**DATA EXCERPTS**
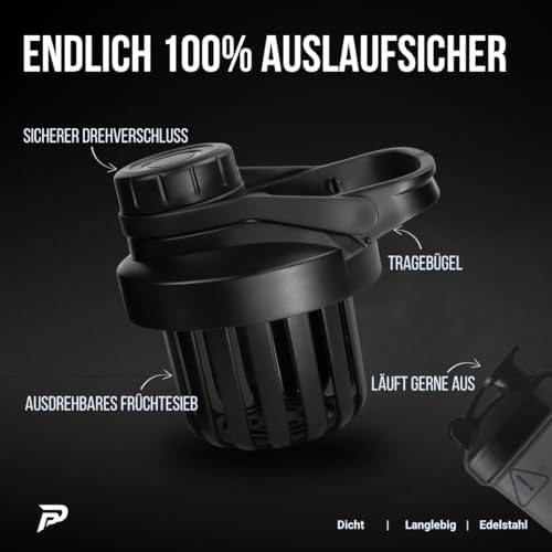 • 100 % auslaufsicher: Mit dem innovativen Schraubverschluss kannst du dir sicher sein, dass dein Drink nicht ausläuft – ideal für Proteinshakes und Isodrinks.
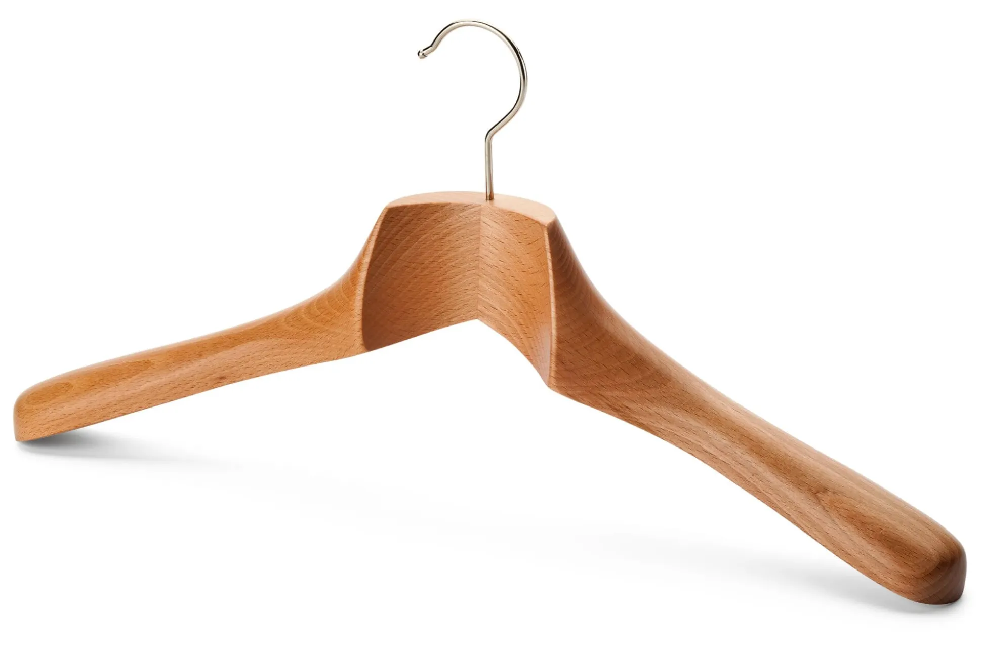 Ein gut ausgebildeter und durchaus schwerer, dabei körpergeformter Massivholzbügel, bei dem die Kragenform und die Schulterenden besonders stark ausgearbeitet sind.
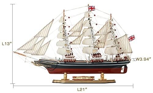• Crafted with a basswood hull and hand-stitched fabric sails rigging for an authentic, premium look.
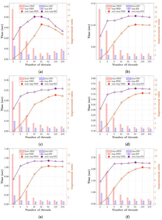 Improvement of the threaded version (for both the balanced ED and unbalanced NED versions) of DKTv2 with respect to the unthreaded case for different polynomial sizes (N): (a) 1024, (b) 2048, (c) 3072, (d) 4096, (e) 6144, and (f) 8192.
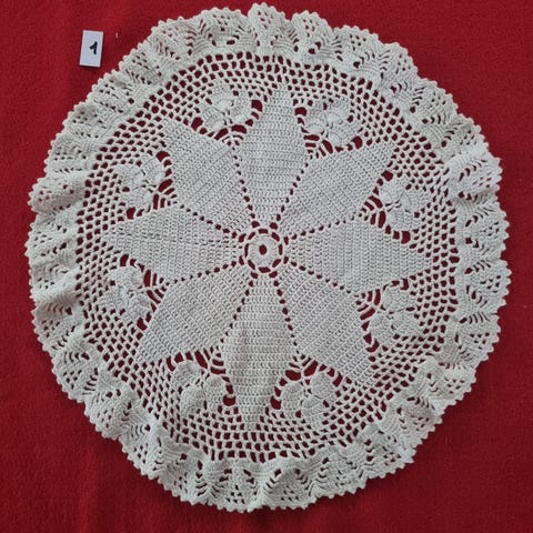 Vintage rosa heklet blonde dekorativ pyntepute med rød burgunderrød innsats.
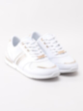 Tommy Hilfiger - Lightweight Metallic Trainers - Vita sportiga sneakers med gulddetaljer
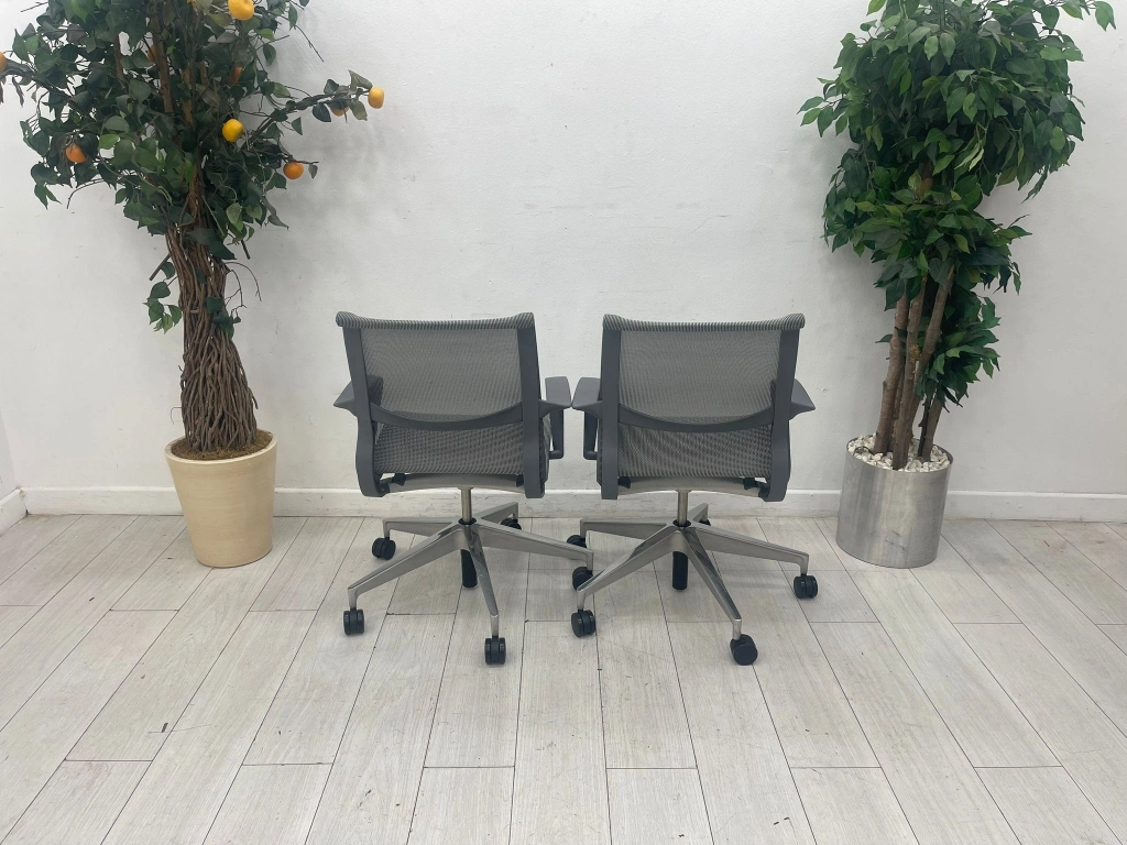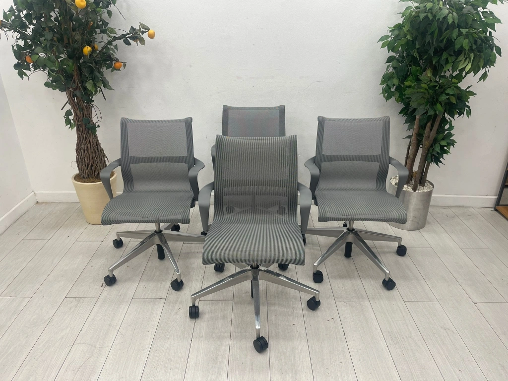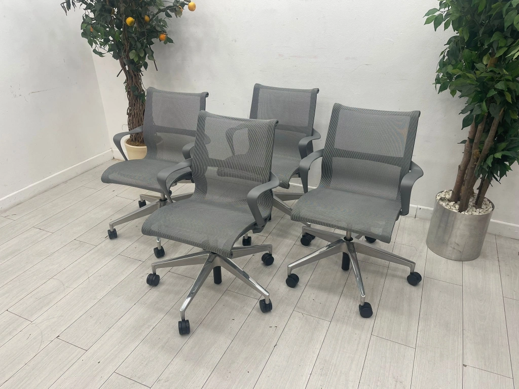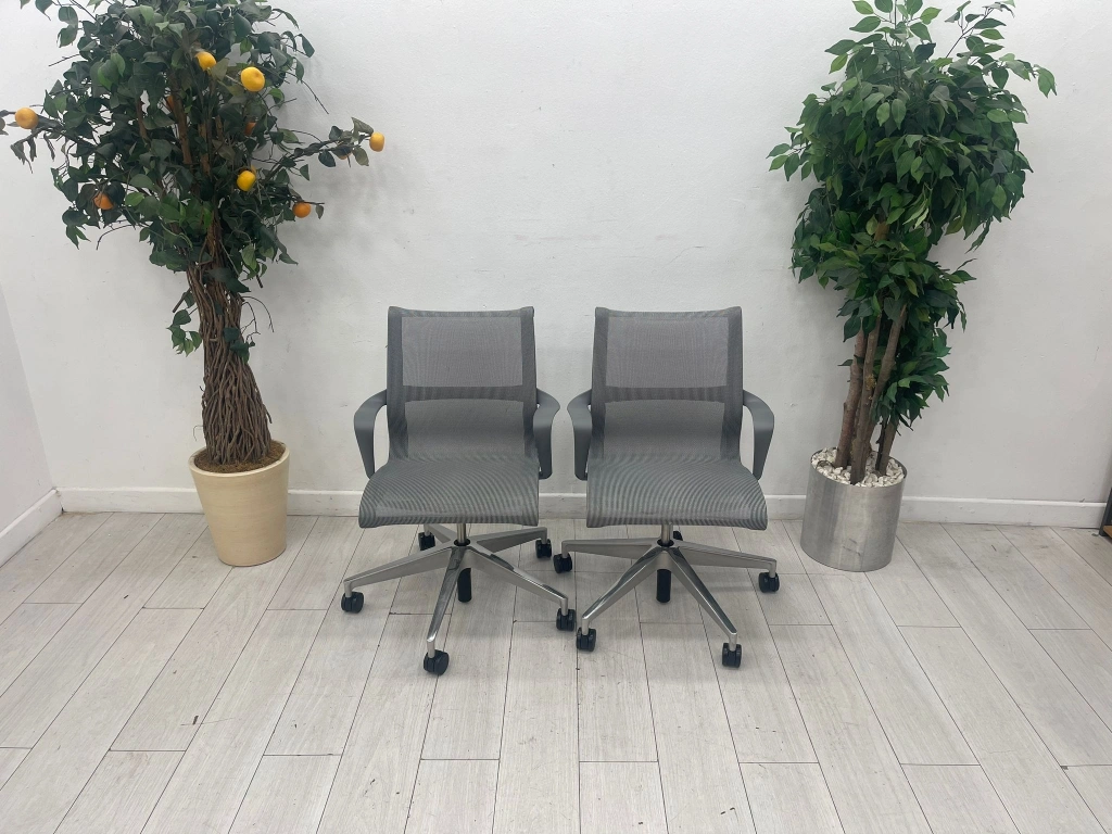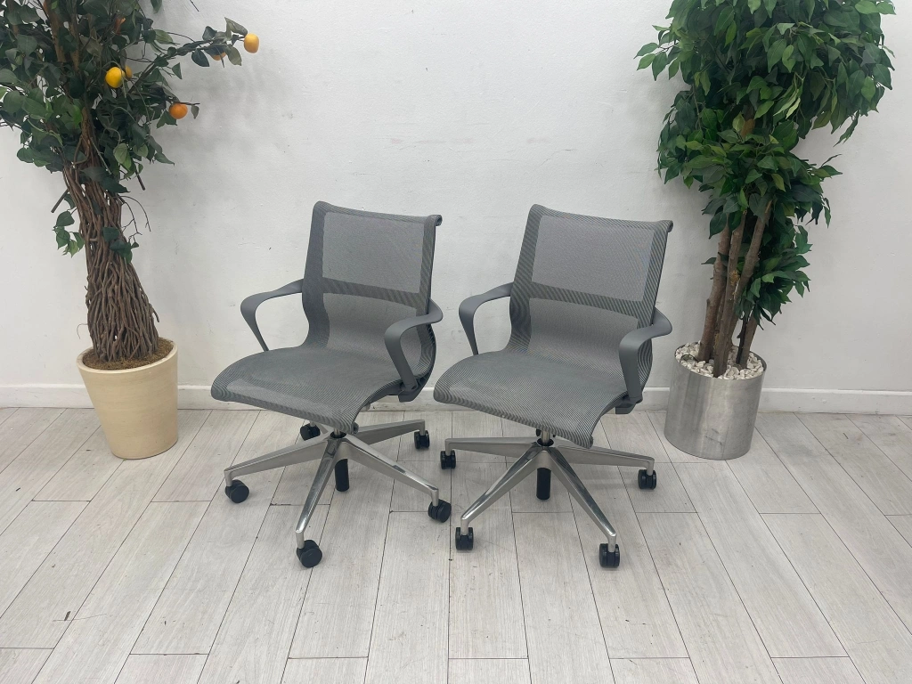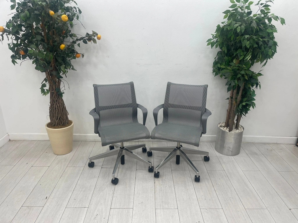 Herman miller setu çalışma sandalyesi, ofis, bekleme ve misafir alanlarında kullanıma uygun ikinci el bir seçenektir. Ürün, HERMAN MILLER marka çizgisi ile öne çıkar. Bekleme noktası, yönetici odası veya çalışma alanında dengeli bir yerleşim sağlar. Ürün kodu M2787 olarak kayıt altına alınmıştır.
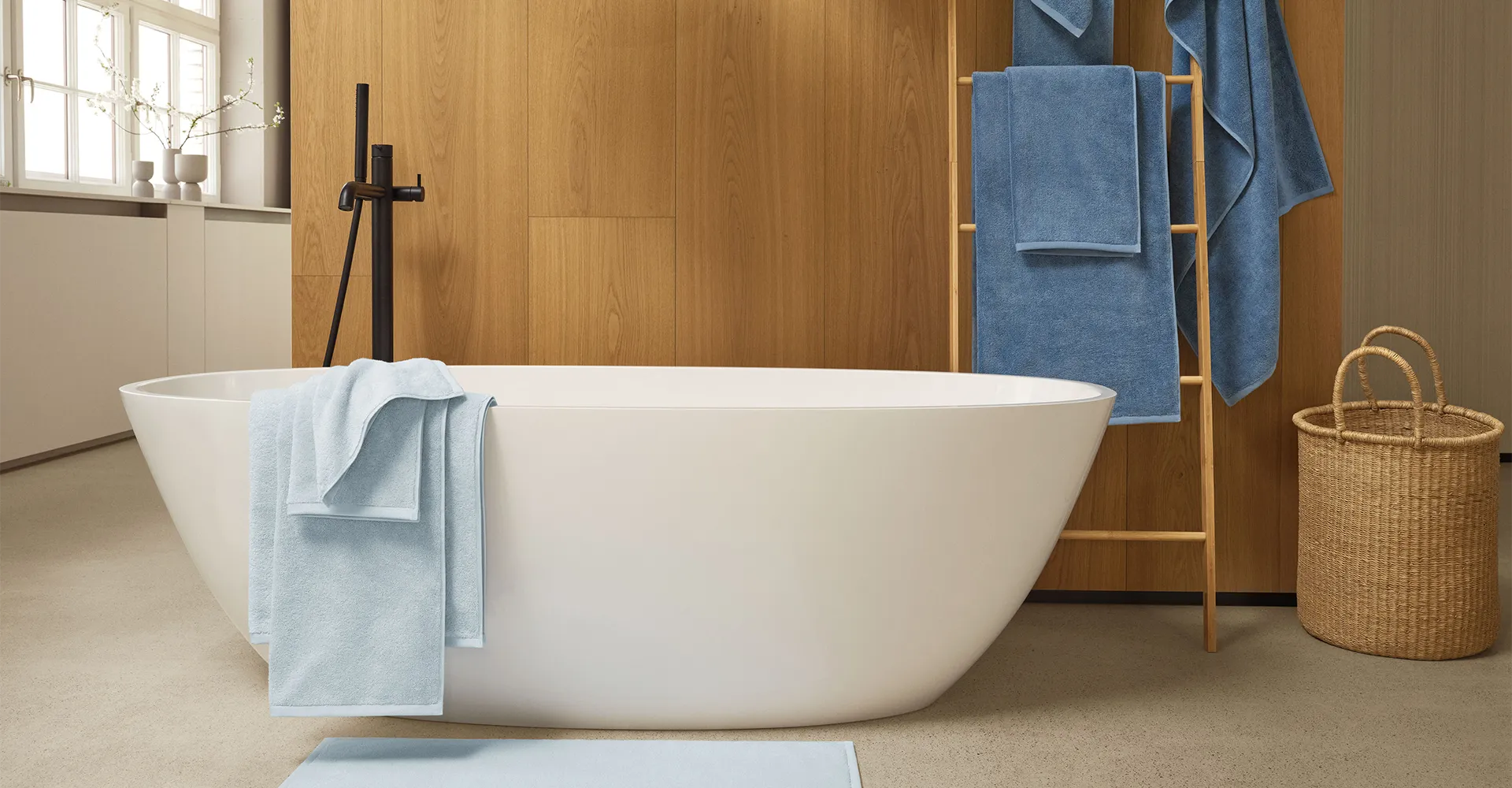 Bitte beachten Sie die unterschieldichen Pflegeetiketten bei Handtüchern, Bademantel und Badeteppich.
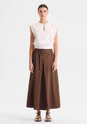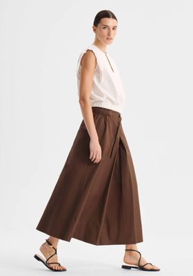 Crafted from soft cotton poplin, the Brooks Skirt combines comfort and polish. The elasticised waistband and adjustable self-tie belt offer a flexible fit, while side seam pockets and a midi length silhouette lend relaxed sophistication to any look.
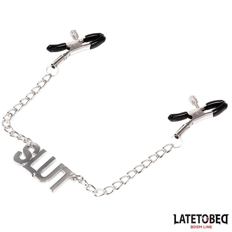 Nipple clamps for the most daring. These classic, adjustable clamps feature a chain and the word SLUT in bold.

**WHAT IS EXPECTED**
Leave out the pictures and restate, word for word, the lines from the top of the data through the line containing "Improvement of the", both included.

**ANSWER SECTION**
 • 100 % auslaufsicher: Mit dem innovativen Schraubverschluss kannst du dir sicher sein, dass dein Drink nicht ausläuft – ideal für Proteinshakes und Isodrinks.
 Ein gut ausgebildeter und durchaus schwerer, dabei körpergeformter Massivholzbügel, bei dem die Kragenform und die Schulterenden besonders stark ausgearbeitet sind.
• Crafted with a basswood hull and hand-stitched fabric sails rigging for an authentic, premium look.
 Improvement of the threaded version (for both the balanced ED and unbalanced NED versions) of DKTv2 with respect to the unthreaded case for different polynomial sizes (N): (a) 1024, (b) 2048, (c) 3072, (d) 4096, (e) 6144, and (f) 8192.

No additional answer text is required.